- Other names: Iram Kamran Qureshi
- Occupations: Film & TV Producer, Director, and Media Academic
- Years active: 2000–present
- Spouse: Kamran Qureshi (m. 2002-present)

Academic background
- Alma mater: Brunel University London
- Thesis: The Stranger Left No Card: A Critical Analysis of Wendy Toye’s work as a Woman Director in British Cinema and Television. (2020)
- Academic advisors: Paul Moody and Leon Hunt

= Iram Qureshi =

British Film Director

Iram Qureshi is a British film and TV producer, director and media academic. She is the recipient of 1st Indus Drama Awards and PTV Awards. Iram has also been an Assistant Examiner at the University of Cambridge since 2011 and a Senior Lecturer at the Ravensbourne University, London.

==Education==
Qureshi did her television production internship, a part of her MSc in Communication Sciences at Combine media in 2000.

==Career==
She is the founder of KQ Movies, a London-based film production company and the MD of Evergreen Productions. Apart from her career as a film and television producer, she has also been an assistant examiner at the University of Cambridge since 2011. Her PhD in Film and Television titled, The Stranger Left No Card: A Critical Analysis of Wendy Toye's work as a Woman Director in British Cinema and Television, was archival research and the first sustained analysis of a pioneering woman director from 1950s British cinema, at Brunel University London.
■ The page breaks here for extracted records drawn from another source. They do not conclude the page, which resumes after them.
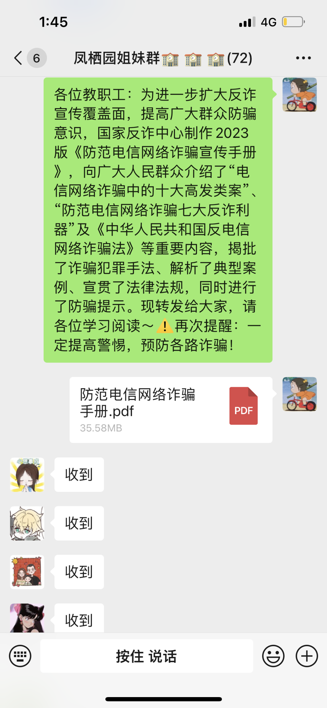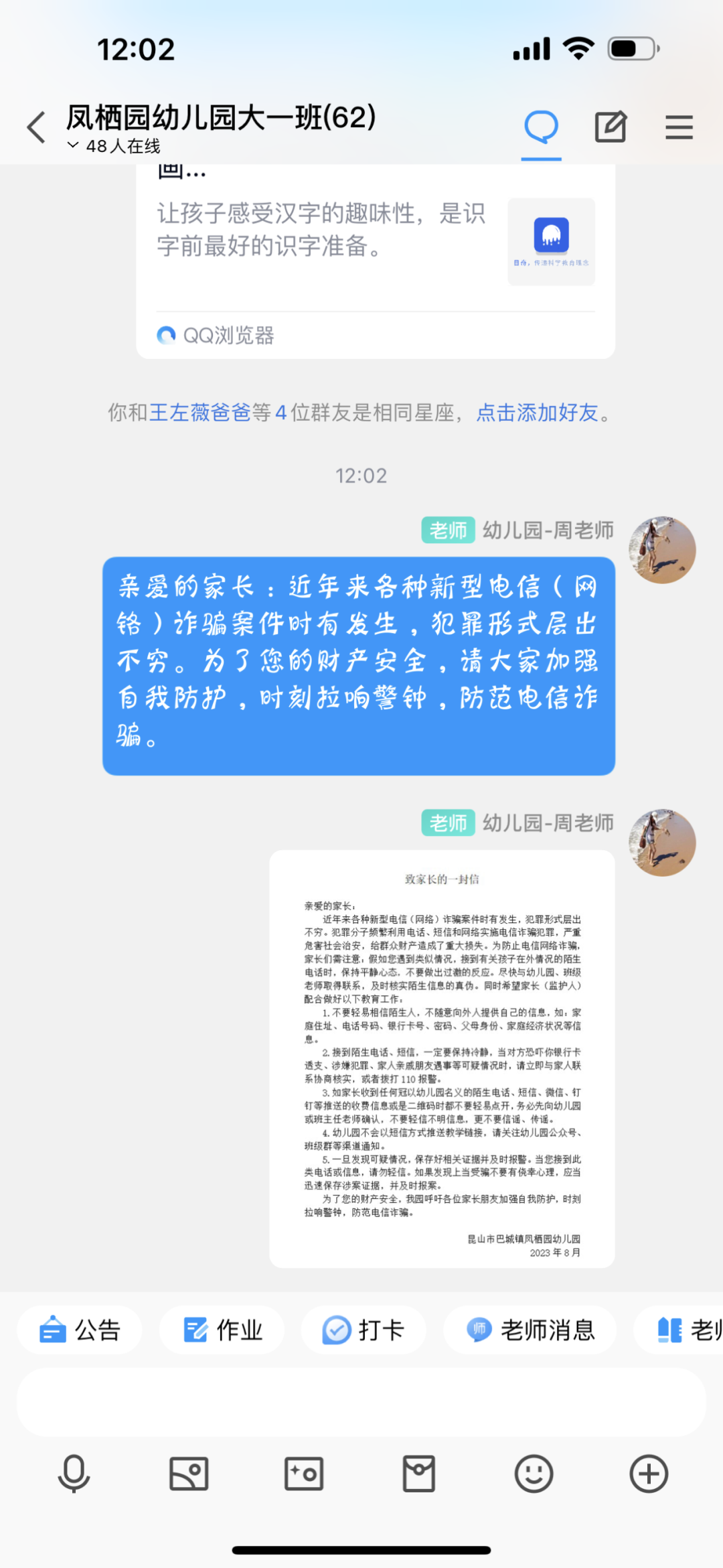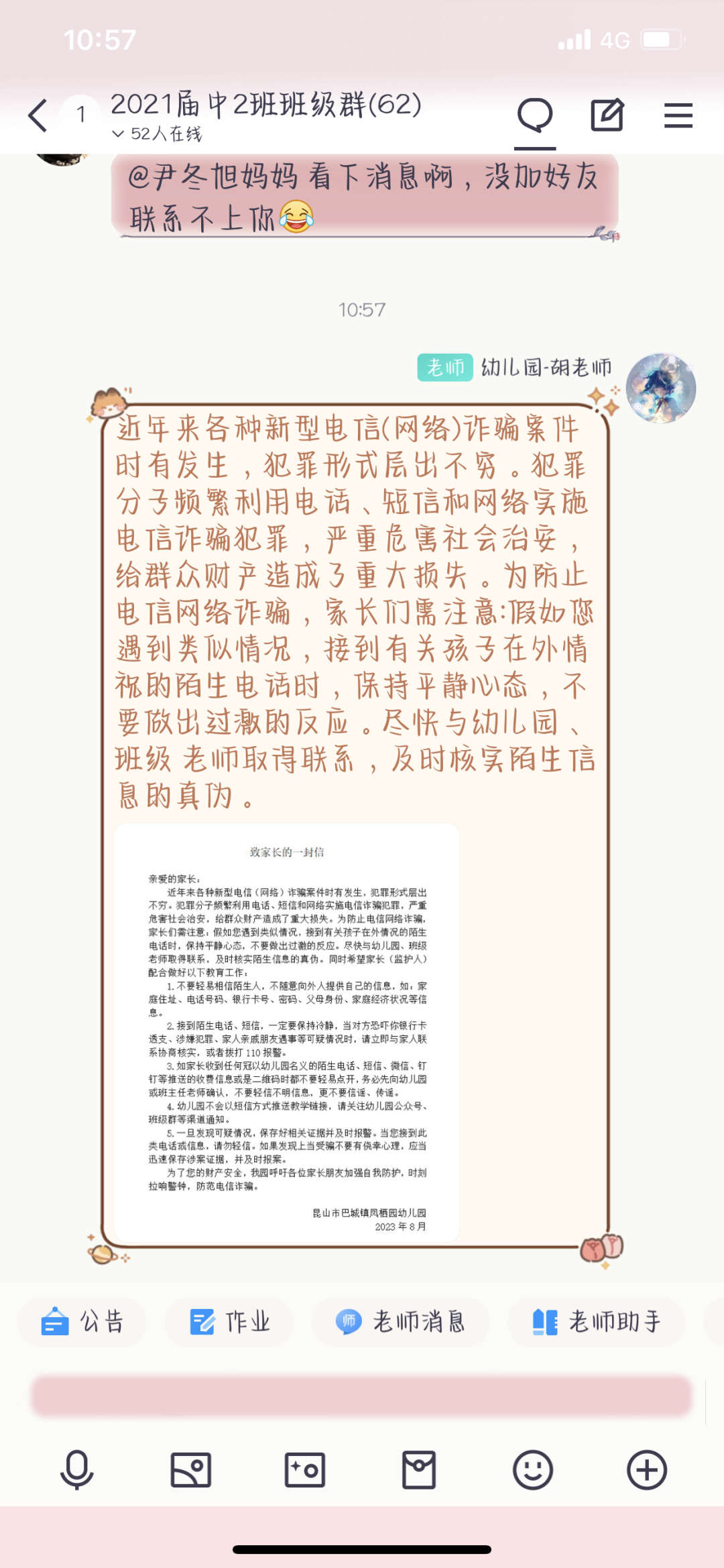 各班老师通过班级群发送《致家长的一封信》,积极向家长宣传普及防范电信网络诈骗相关的知识。
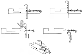 সুতা খাওয়ানো: সূঁচগুলিকে তাদের কৌশলে প্রত্যাহার করা হয় যাতে পুরানো লুপগুলি খোলা ল্যাচগুলির দ্বারা আবৃত থাকে এবং নতুন সুতাগুলিকে খোলা হুকগুলিতে খাওয়ানো হয়।
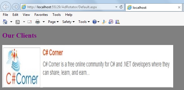 Now if a click on the above banner, it will navigate to C# Corner Home page.
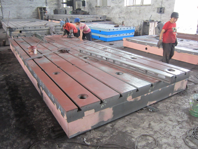 我公司專業(yè)生產(chǎn)加工量具及鑄件:電機(jī)試驗(yàn)臺(tái)、圓平臺(tái)、落地鏜床工作臺(tái)、火工平臺(tái)、檢驗(yàn)平臺(tái)、劃線平臺(tái)、鉚焊平臺(tái)、裝配平臺(tái)、動(dòng)力機(jī)械震動(dòng)試驗(yàn)臺(tái)(又稱槽鐵或地梁、地軌)、立車工作臺(tái)、龍門銑刨床工作臺(tái)、機(jī)床床身鑄件、立柱、橫梁 機(jī)床滑座,模具墊板、鑄鐵底座和鼓風(fēng)機(jī)殼及配件、汽車模具 壓重體鑄件。我公司專業(yè)承接:HT200、HT250、HT300(40T/件以下的)高牌號(hào)大型鑄件與球墨鑄件均采用樹(shù)脂砂造型工藝,所生產(chǎn)的鑄件具有外觀光潔、加工余量小等特點(diǎn)。
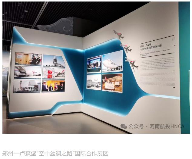 這一主題展板上,精選了10張圖片記錄豫盧共建“空中絲路”的關鍵事件。既有2014年河南航投與盧森堡貨航在鄭州簽署股權合作協議、“鄭州號”巨無霸貨機首次抵鄭的起始節點;也有這條絲路承運河南省向盧方捐贈的抗疫物資、鄭盧直飛客航首批旅客抵達的溫暖瞬間;還有盧森堡貨航在鄭州加注可持續航空燃料、鄭盧航線貨運量突破100萬噸的喜慶時刻,精彩講述豫盧雙方在“一帶一路”框架下相融互促,從硬聯通、軟聯通到心聯通的生動實踐。
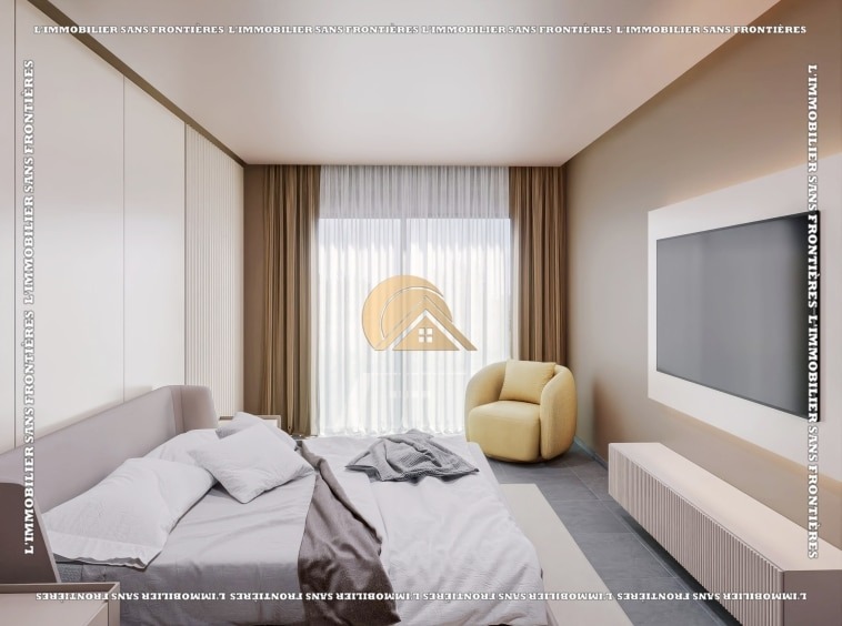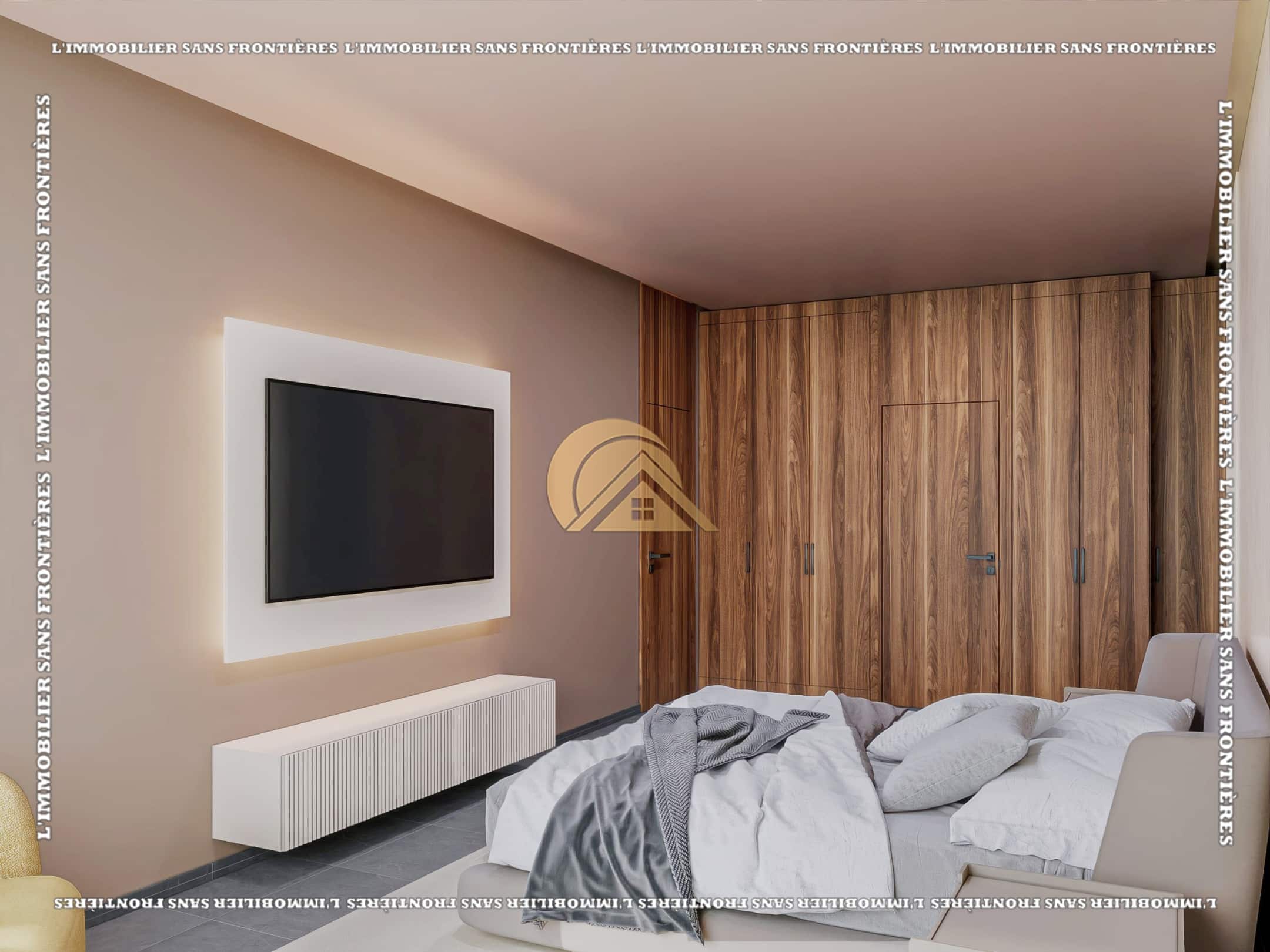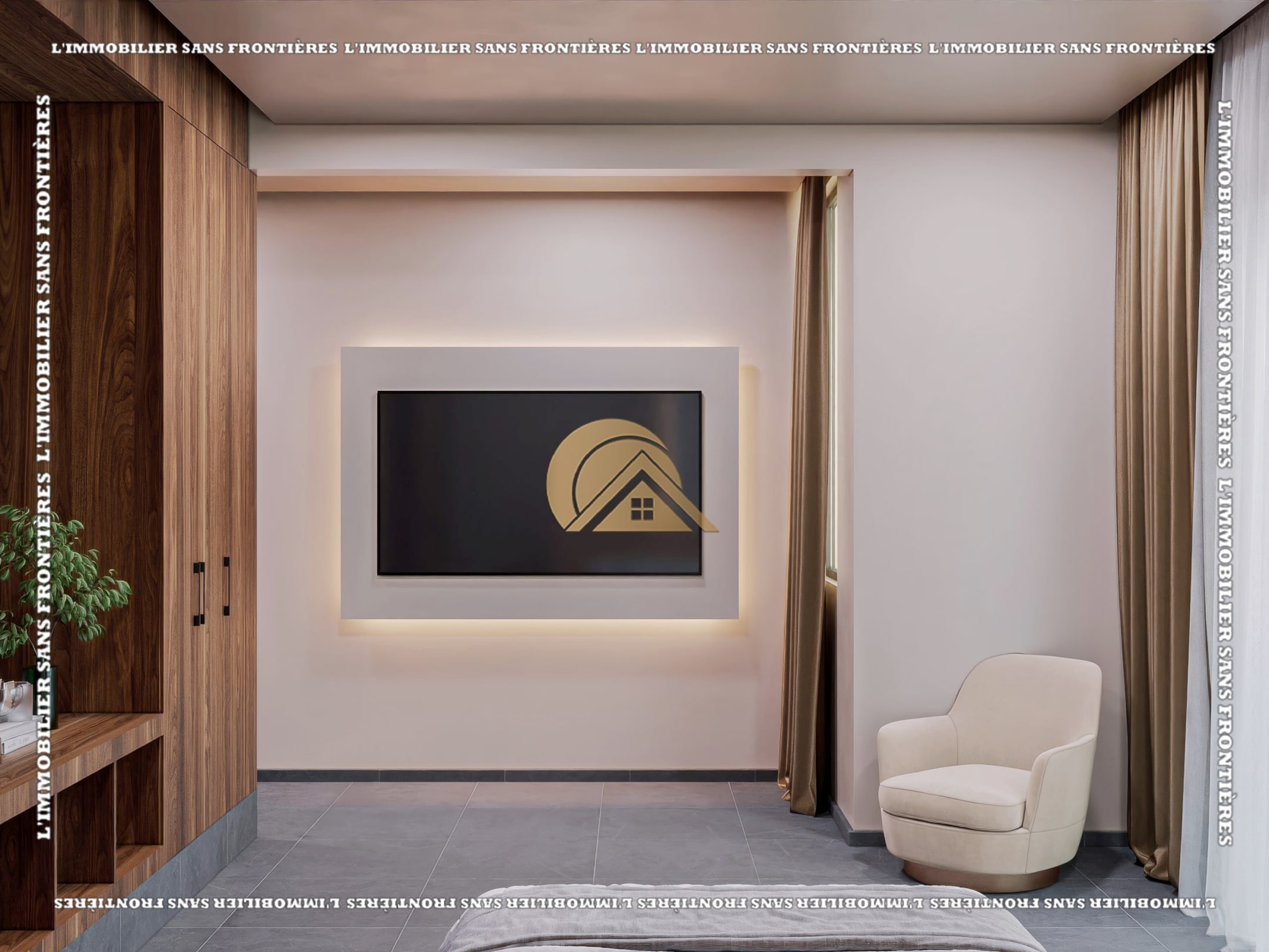 Double Salon européen – Séjour avec climatisation split et baie vitrée – Cuisine équipée – Suite avec dressing et climatisation – Terrasse
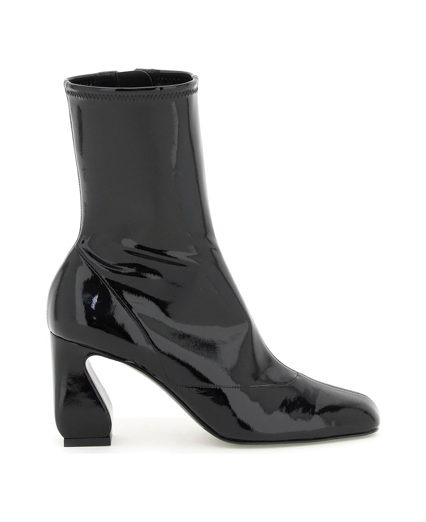 Patent leather ankle boots by SI ROSSI with side zippered closure, squared toe and iconic sculpted heel. Unlined interior with leatehr isole and leather sole with rubber insets.
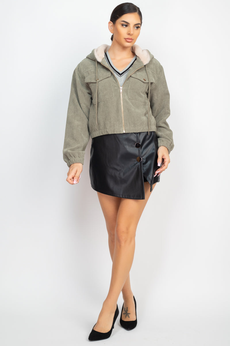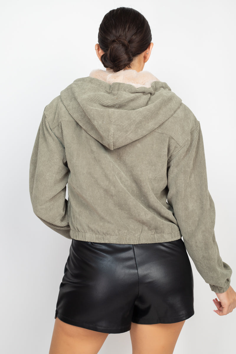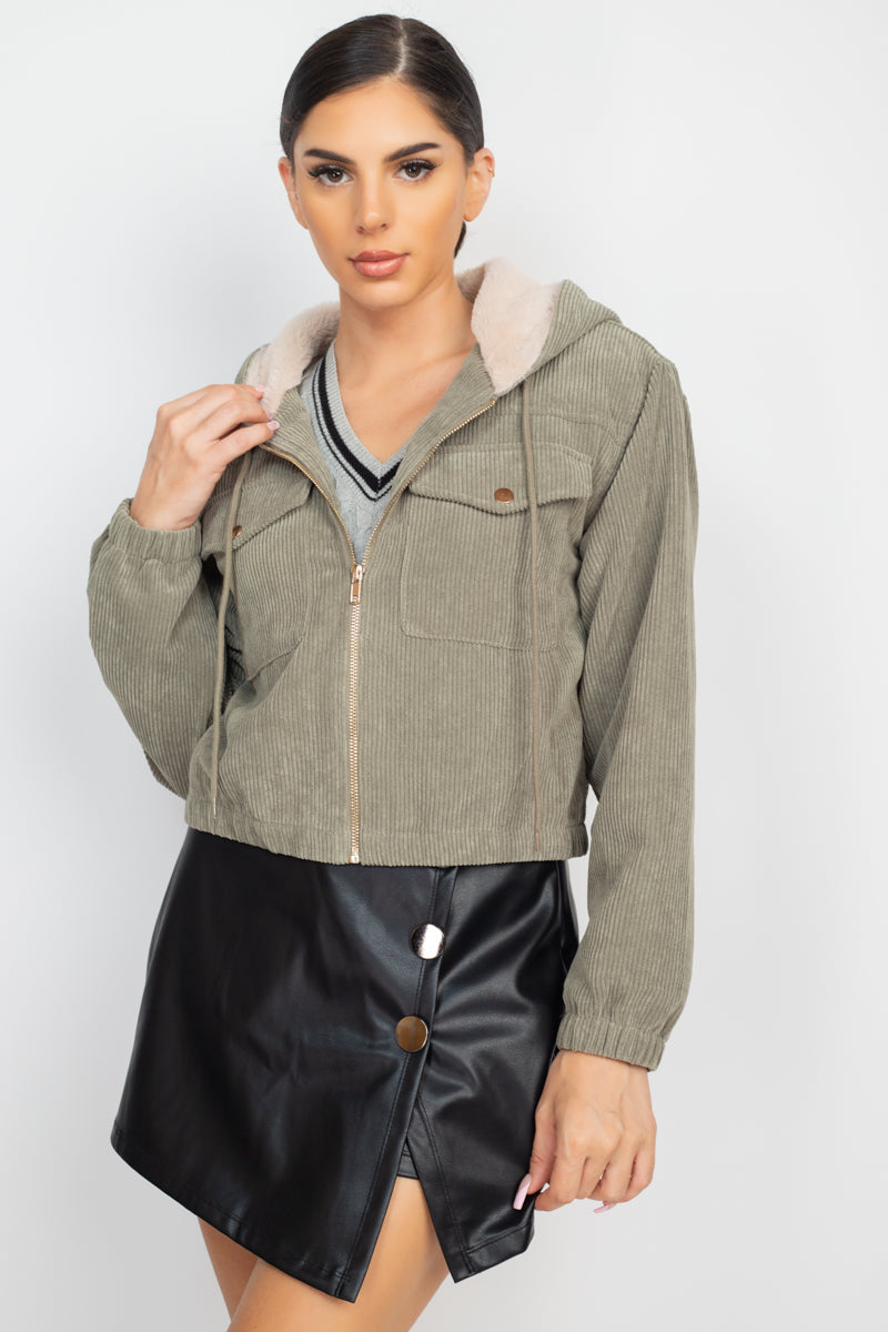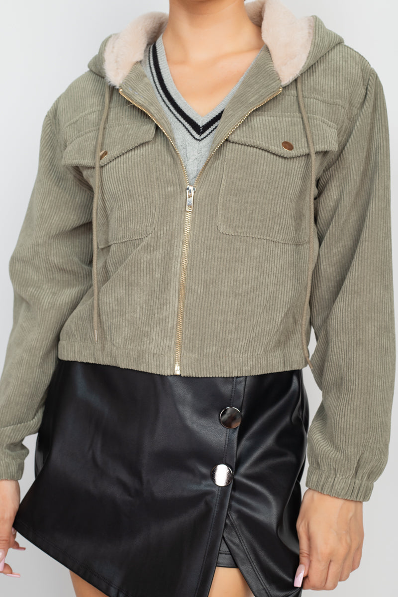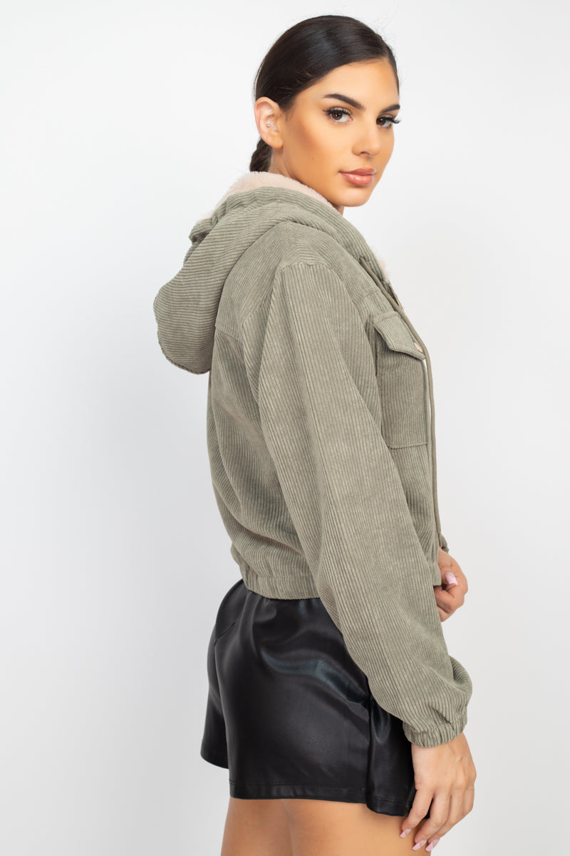 A ribbed jacket featuring a corduroy material, long sleeves, faux fur inner lining, hoodie, front zip closures, and chest flap pockets with buttons accent.

Currently, she is working on a WWI period drama The Woman with the Torch - Elsie Inglis' War on the life of Elsie Maud Inglis, the founder of Scottish Women's Hospitals for Foreign Service.

==Filmography==

| Name | Role | Type | Ref. |
|---|---|---|---|
| Only Love Matters | Producer & Associate Director | Feature film |  |
| Beyond the Silence of the Sea | Director & producer | TV documentary |  |
| Ishq Ki Inteha | Director | TV series |  |
| Nestlé Nesvita Women of Strength '09 | Director | TV talk show |  |
| Nestlé Nido Young Stars | Director | TV talk show |  |
| Sarkar Sahab | Director | TV series |  |
| Manzil | Co-director | TV series |  |
| Maa Aur Mamta | Producer | TV series |  |
| Moorat | Associate director | TV series |  |
| Murad (film) | Associate producer | TV film |  |
| Ariel Mothers | Producer | TV Talk Show |  |
| Riyasat | Co-director | TV series |  |
| Meharun Nisa | Producer | TV series |  |

==Awards==

| Year | Award | Category | Nominated work | Role | Result | Ref. |
|---|---|---|---|---|---|---|
| 2005 | 1st Indus Drama Awards | Best Producer Series | Maa Aur Mamta (Motherhood) | Producer | Won |  |
| 2003 | Indus Telefilm Festival | Best TV Film | Murad | Producer | Won |  |
| 2002 | PTV Awards | Best Talk Show Award | Ariel Mothers | Producer | Won |  |

==Academic theses==
- Qureshi, Iram Kamran (2020). "The stranger left no card: a critical analysis of Wendy Toye's work as a woman director in British cinema and television."